Fundamental analysis is an approach that is used to determine the intrinsic or fair value of a firm and forms the basis of evaluating whether the company is undervalued or overvalued. Investors can potentially gain from such assessments if they subscribe to the notion that a company’s share price converges to its fair value over the long run: either by buying undervalued stocks or selling overvalued ones.

According to the academic literature, fundamental analysis is typically based on highly stylized valuation approaches such as discounted cashflow models which require inputs such as cashflow forecasts and discount rates. This approach is complicated by the discretion a researcher has over the choice of variables and parameters of the model.

Although these stylized models are extremely popular, explicit cash flow forecasts and discount rates are not necessarily required for fundamental analysis. For instance, an agnostic approach can estimate the fair value of a company as a linear function of its balance sheet, income statement and cashflow statement items.

To this end, a direct approach for estimating fair values is proposed by Bartram and Grinblatt in two academic studies.1  They “take the view of a statistician with little knowledge of finance” and use LR to proxy the “peer-implied fair value” of a firm as a linear function of 21 commonly reported accounting items. They conclude in their findings that their signal reliably predicts future returns in the US and most regions in the world, with the exception of the European market.

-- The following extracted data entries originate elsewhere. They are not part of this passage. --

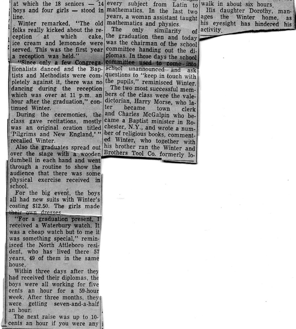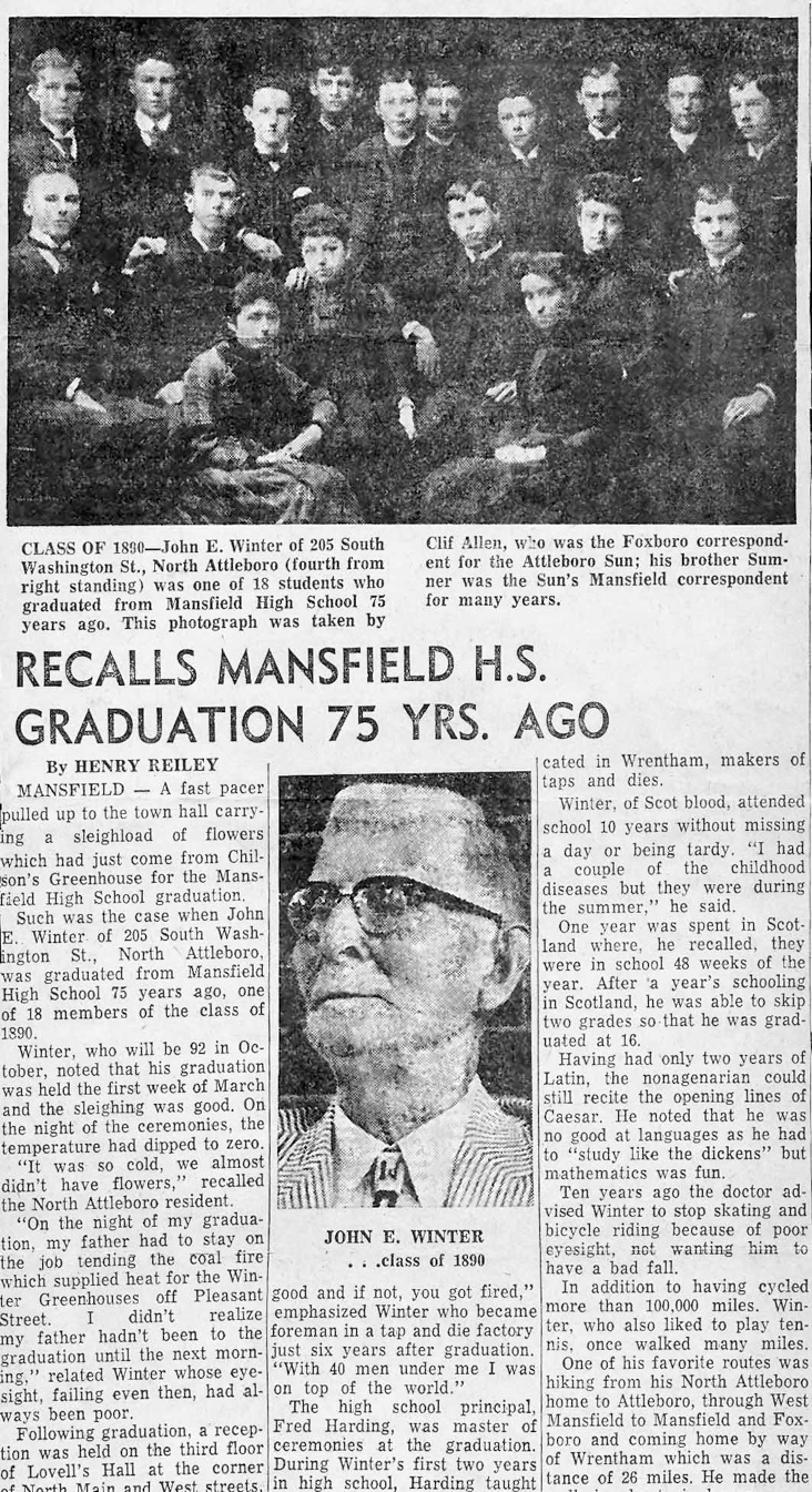In 1965, John Winter had lived in his house for 49 years and had lived in North Attleborough for 56 years. He was a great walker—walked to and from work in Wrentham, enjoyed using bicycles, motorcycles, electric cars, trains and buses. John had custom-made ice skates made for himself when he was 18 and skated until he was 82!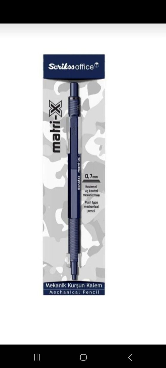 0,7 mm uçlu, itinalı yazım için itmeli mekanizmalı mavi-gri gövdeli mekanik kurşun kalem. ✏️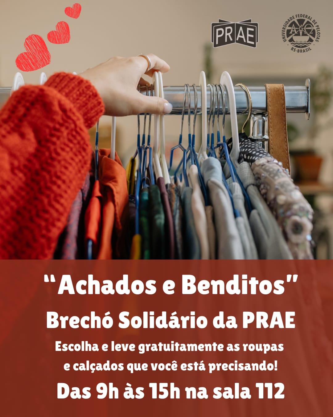 Brechó solidário “Achados e Benditos” Escolha e leve gratuitamente as roupas e calçados que estiver precisando |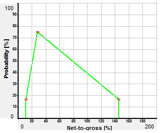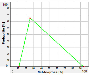 This is a relative distribution with three points. As part of the customization of the program you may choose to specify a triangular distribution in one of 2 ways: enter either minimum, most likely (mode) and maximum or P90, most likely and P10. But note that entering as P90, mode and P10 can give rise to problems. In order to calculate the minimum and maximum of the distribution, the most likely must be between the P90 and P10 values - which may not be the case. Also, the program must solve a polynomial of degree 4, and it may not be able to do this in every case. If you get unhappy distributions, click the [Style..] button to revert to the min - mode - max entry style.

Taking a data scientist approach in valuing stocks

In a recent research paper,2 Hanauer, Kononova and Rapp opt for a different approach as they “take the view of a data scientist with little knowledge of finance”. Inspired by the studies of Bartram and Grinblatt, they apply LR and ML methods to estimate the monthly fair values of stocks from 17 European countries for the period January 1993 to December 2019. Then, based on the results, they assess the return predictability of the corresponding mispricing signals, i.e., the difference in model-based fair values and actual market values.

In their analysis, the researchers determined the fundamental values of stocks using six different approaches based on:

  • a LR model that closely followed the one set out by Bartram and Grinblatt,
  • a linear model on the pooled cross section of stocks from the last 48 months that they used for the other approaches (LR pooled),
  • a model using the least absolute shrinkage and selection operator (LASSO) to the 21 accounting variables,
  • a random forest model (RF),
  • a gradient boosting model (GBRT), and
  • a model that combines the RF and GBRT signals.

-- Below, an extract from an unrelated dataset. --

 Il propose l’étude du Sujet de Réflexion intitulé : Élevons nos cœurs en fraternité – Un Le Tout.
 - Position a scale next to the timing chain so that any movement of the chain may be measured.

More specifically, the researchers used RF and GBRT models given that these can deal with nonlinearities and interactions, handle noisy features well, and do not require subtle tuning as is the case for more complex methods.

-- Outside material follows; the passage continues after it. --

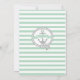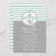 Commencez votre baby shower nautique en bord de mer d'été directement avec nos bateaux contemporains à l'invitation baby shower pour un baby shower neutre pour les femmes. Nos bateaux élégants et populaires accueillent une nouvelle invitation à la douche bébé avec une ancre grise dans un cercle de cordes avec une bannière sur une bande colorée vert clair & gris et arrière - plan gris. Parfait pour le baby shower à thème du voilier. Retournez l'invitation pour une bande verte et blanche assortie avec une ancre. Disponible dans notre boutique dans d'autres choix de couleurs

ML-based signals are effective in spotting mispricing opportunities

The researchers sorted the stocks into five quintile portfolios based on the various mispricing signals. They observed that all the models reflected large negative (positive) mispricing signals for the first (fifth) quintile portfolios. Interestingly, the LASSO and ML signals were considerably smaller than their LR counterparts due to the nonlinearity of their valuation models and ability to better fit the data.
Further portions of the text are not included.